INFORMATION SHOWN -
[Start of Attachment]

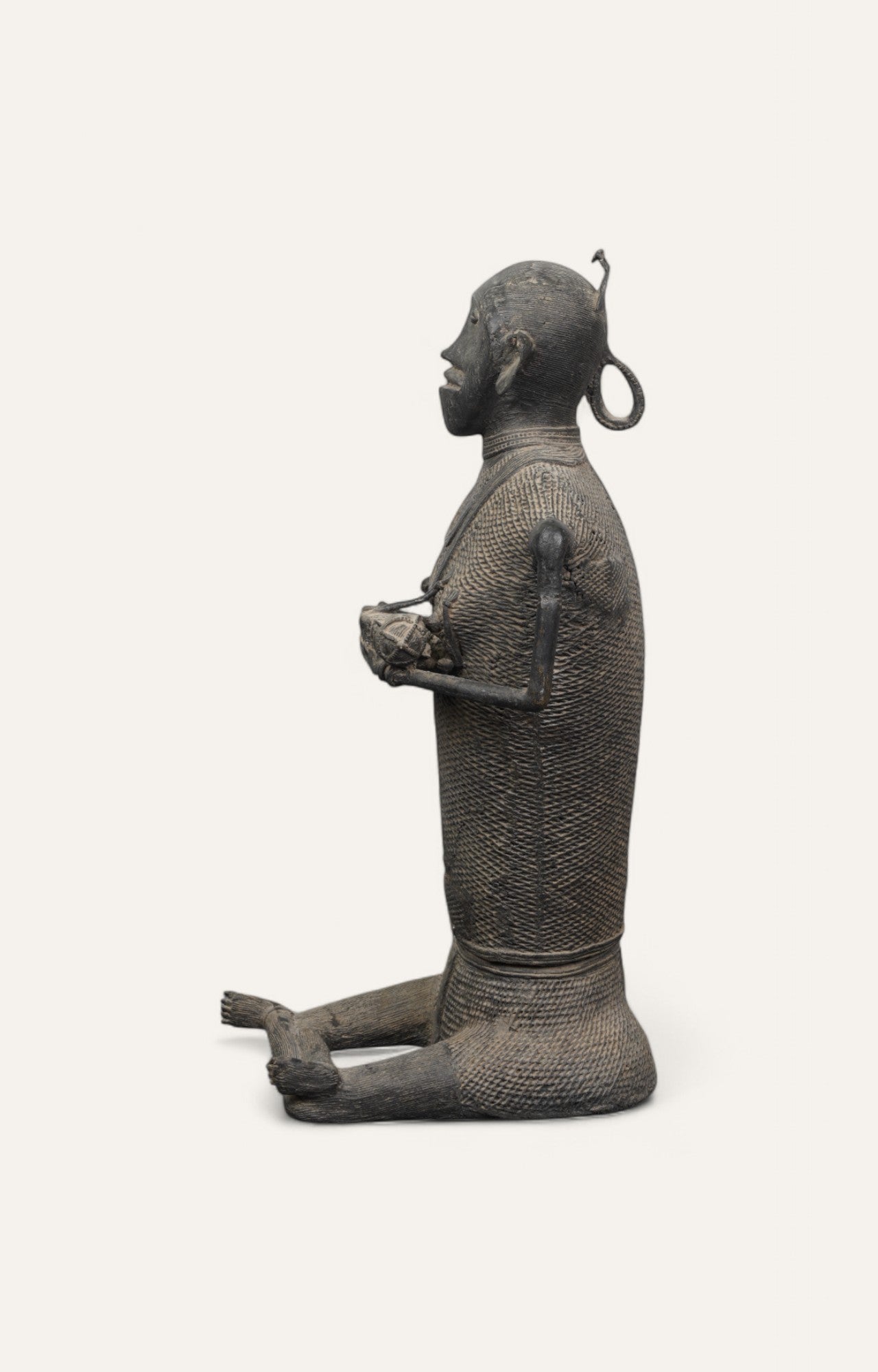 Made of solid brass, this vintage tribal sculpture is a marvel of traditional workmanship. This 60+ year old piece of art showcases a lady with her infant in a peaceful seated pose. With delicate hand-carved detailing, this decorative brass statue brings a rural, heritage-chic allure to consoles, bookshelves, or thoughtful corners.
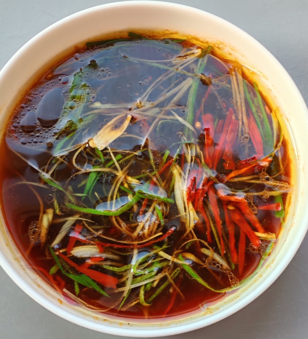 把熬好的基础料汁倒进刚激过热油的三丝里,轻轻搅拌均匀。这时候的料汁,色泽红亮、香气层次丰富,葱姜的辛香、红椒的甜香、酱油的醇香完美融合,简直是一碗液体黄金!
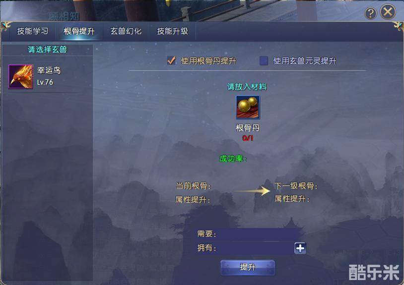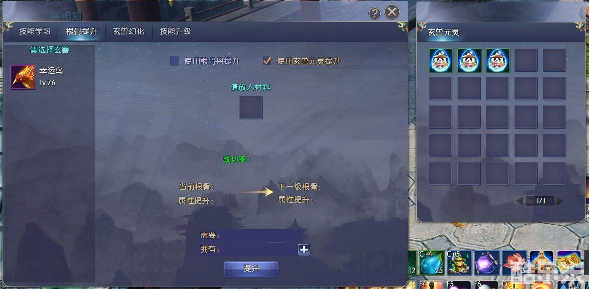 至于使用元灵来提升根骨只有一点需要注意,提升的元灵等级须大于强化的玄兽等级,简单的说就是熊猫元灵不能用来强化凤凰和兔子,但兔子和凤凰可以强化熊猫,就是这么简单。
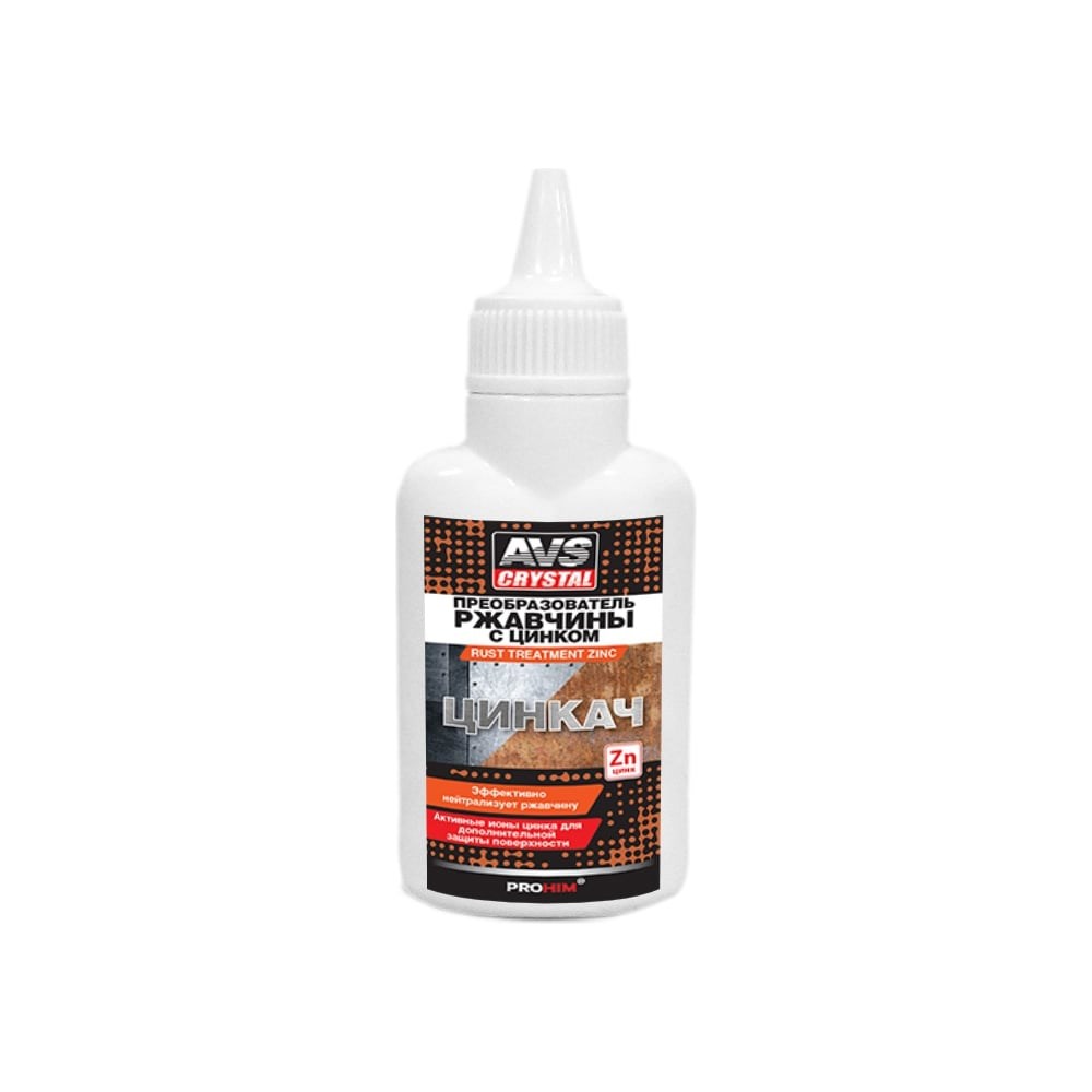 Преобразователь ржавчины с цинком AVS ЦИНКАЧ 60 мл AVK-190 A07595S используют для предварительной обработки металлических поверхностей (сталь, чугун). Средство эффективно нейтрализует продукты коррозии при толщине слоя до 80 мкм. Активные ионы цинка в составе обеспечивают дополнительную защиту и продлевают срок службы изделий.

[End of Attachment]

WHAT YOU SHOULD DO - Please output the lines above beginning at the line with "把熬好的基础料汁倒进刚激过热" and ending after the line with "至于使用元灵来提升根骨只有一", precisely as written and with no pictures.

OUTPUT OF THE TASK -
 把熬好的基础料汁倒进刚激过热油的三丝里,轻轻搅拌均匀。这时候的料汁,色泽红亮、香气层次丰富,葱姜的辛香、红椒的甜香、酱油的醇香完美融合,简直是一碗液体黄金!
 至于使用元灵来提升根骨只有一点需要注意,提升的元灵等级须大于强化的玄兽等级,简单的说就是熊猫元灵不能用来强化凤凰和兔子,但兔子和凤凰可以强化熊猫,就是这么简单。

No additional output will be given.